– Похоже, вы хорошо успели узнать его.
– Как он? – вырвалось у нее.
И Арабелла поперхнулась, будто этот вопрос обжег ей язык. Нет, ей совсем не хочется это знать. Ей это безразлично, твердила она себе, но... это было сильнее ее. Арабелла ничего не могла с собой поделать.
Себастьян поднял брови:
– А вы не догадываетесь?
– О-о! – беспомощно простонала Арабелла. – Пьет, должно быть. Я угадала?
– Ну, если хотите знать, от этого ему не легче. – Некоторое время Себастьян молча разглядывал ее. – Вообще говоря, ему неизвестно, что я здесь. И я явился вовсе не для того, чтобы умолять вас простить его. И просить вас вернуться к нему я тоже не стану.
– Тогда для чего вы здесь?
– Сам не знаю... – с подкупающей искренностью ответил Себастьян. – Но раз уж я все равно пришел, позвольте, я кое-что вам расскажу.

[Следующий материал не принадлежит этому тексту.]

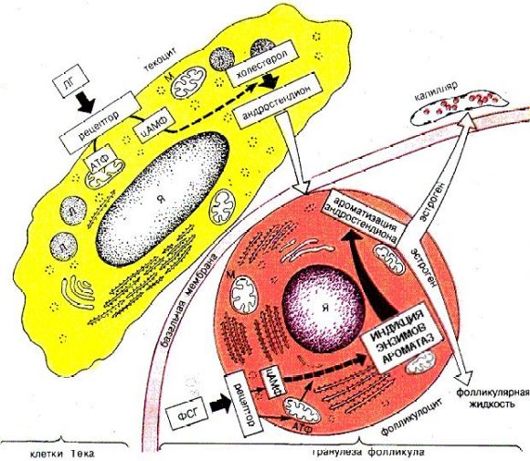 | Пути секреции эстрогенов | Эстрогены секретируются, во-первых, в фолликулярную жидкость, во-вторых, в кровь (для чего должны проходить обратно через базальную мембрану фолликула). |
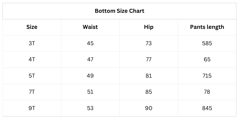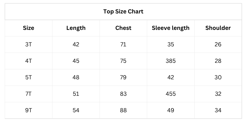 - Available Sizes: 3T,4T, 5T, 7T, 9T
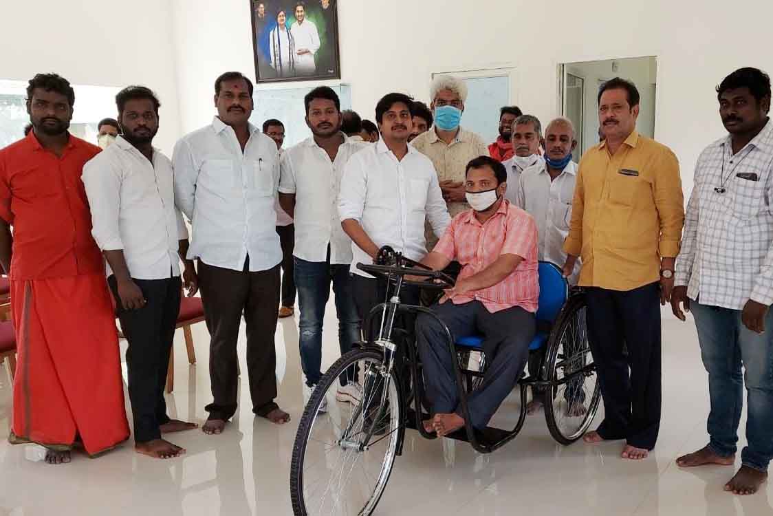 రాజమండ్రి రూరల్ నియోజకవర్గం కడియం మండలం పొట్టిలంక గ్రామం కు చెందిన అంకం వీరబాబు అనే వికలాంగుడు గత నెలలో రాజమహేంద్రవరం స్మార్ట్ సిటీ కార్పొరేషన్ చైర్మన్ రాజమండ్రి రూరల్ కోఆర్డినేటర్ చందన నాగేశ్వర్ గారు పొట్టిలంక గ్రామ పర్యటనలో ఉండగా అంకం వీరబాబు చందన నాగేశ్వర్ గారిని కలిసి తనకు వికలాంగుల ట్రై సైకిల్ కావాలి అని కోరారు.
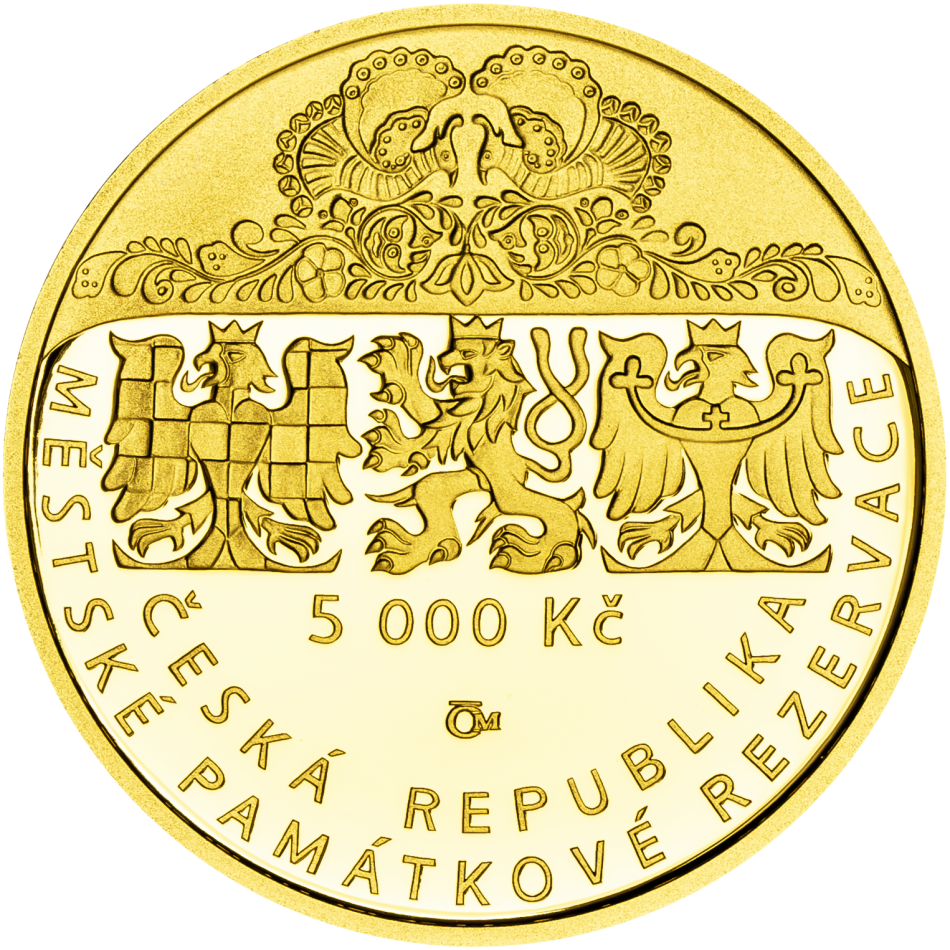 Zlatá mince vydaná Českou národní bankou v nominální hodnotě 5.000 Kč. Město Štramberk z cyklu Městské památkové rezervace.
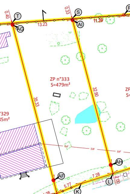 Terrain en premier rideau de 479m², à viabiliser, avec une façade de 13,05m.
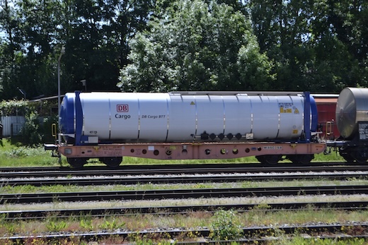 Sgmmnss 4594 084-7 mit DB Cargo Kesselauflieger im Bahnhof

Прошу вас, Арабелла, выслушайте меня, это очень важно, поверьте. – Себастьян снова замолчал. – Очень странно, – задумчиво проговорил он наконец, – но все сегодняшнее утро меня не перестает мучить воспоминание о том, что случилось много... очень много лет назад. Дело в том, что я никак не могу выкинуть это из головы и... в общем-то, если честно, именно поэтому я здесь.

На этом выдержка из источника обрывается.